===== INPUT DATA

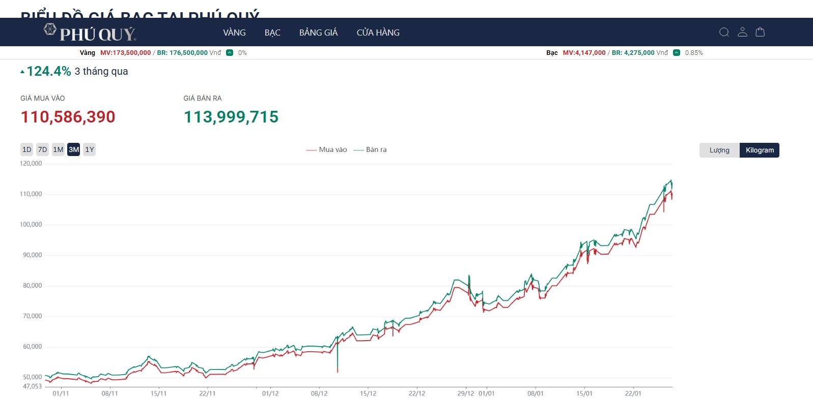 Thông báo ngừng giao dịch sớm được đưa ra trong bối cảnh thị trường bạc đang ghi nhận những biến động kỷ lục về giá trị. Số liệu giao dịch ngày 27/1 cho thấy giá bạc thỏi 1kg tại Phú Quý có thời điểm chạm ngưỡng 114,8 triệu đồng/kg, mức cao nhất trong lịch sử giao dịch của đơn vị này và ghi nhận mức tăng trưởng khoảng 50% chỉ trong vòng một tháng qua.
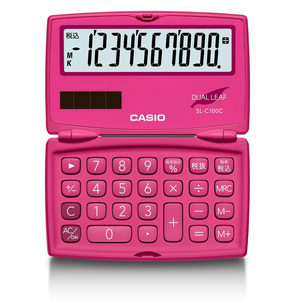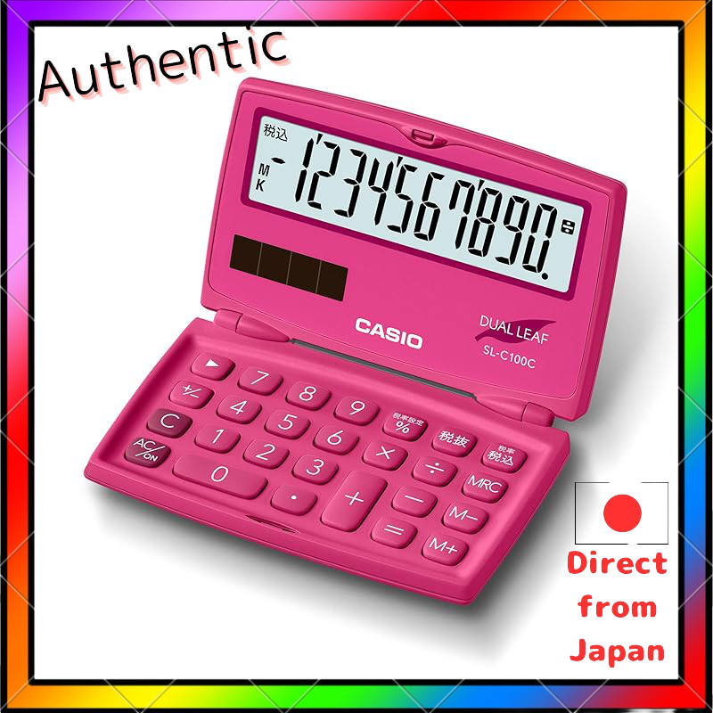 Casio เครื่องคิดเลขสีสันสดใส – โน้ตบุ๊กแบบพับได้ 10 หลักสีชมพูสดใสประเภท Sl-C100C-Rd-N
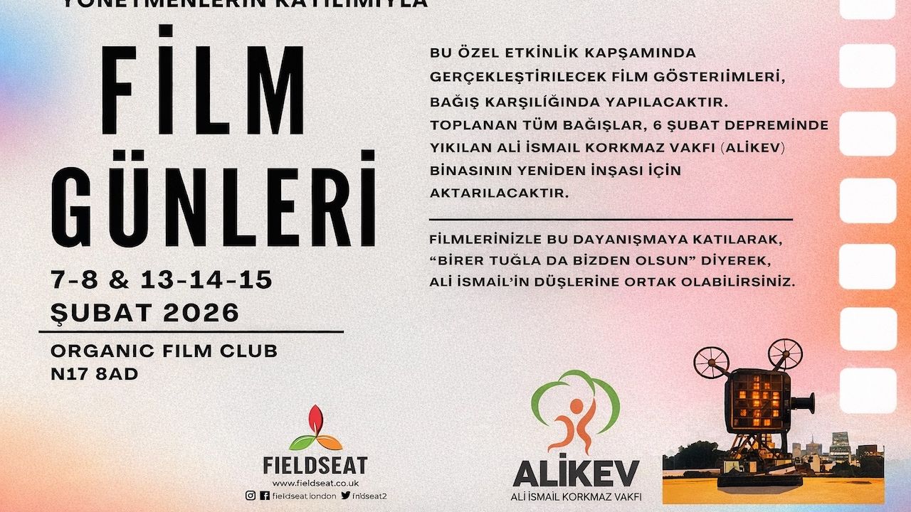 Londra’da sinema ve dayanışma bir araya geliyor. Yönetmenlerin katılımıyla düzenlenecek Film Günleri, 7-8 ve 13-14-15 Şubat 2026 tarihlerinde Organic Film Club’ta (N17 8AD) sinemaseverlerle buluşacak.
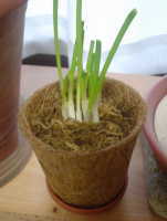 小ねぎが発芽したので、かぶせてあったビニール袋を外して、

==========

**WHAT YOU WILL DO:** From the line that contains "Casio เครื่องคิดเลขสีสันสดใส –" to the end of the material above, output every line exactly, both ends included, but leave out any pictures.

**REPLY TO THE TASK:**
 Casio เครื่องคิดเลขสีสันสดใส – โน้ตบุ๊กแบบพับได้ 10 หลักสีชมพูสดใสประเภท Sl-C100C-Rd-N
 Londra’da sinema ve dayanışma bir araya geliyor. Yönetmenlerin katılımıyla düzenlenecek Film Günleri, 7-8 ve 13-14-15 Şubat 2026 tarihlerinde Organic Film Club’ta (N17 8AD) sinemaseverlerle buluşacak.
 小ねぎが発芽したので、かぶせてあったビニール袋を外して、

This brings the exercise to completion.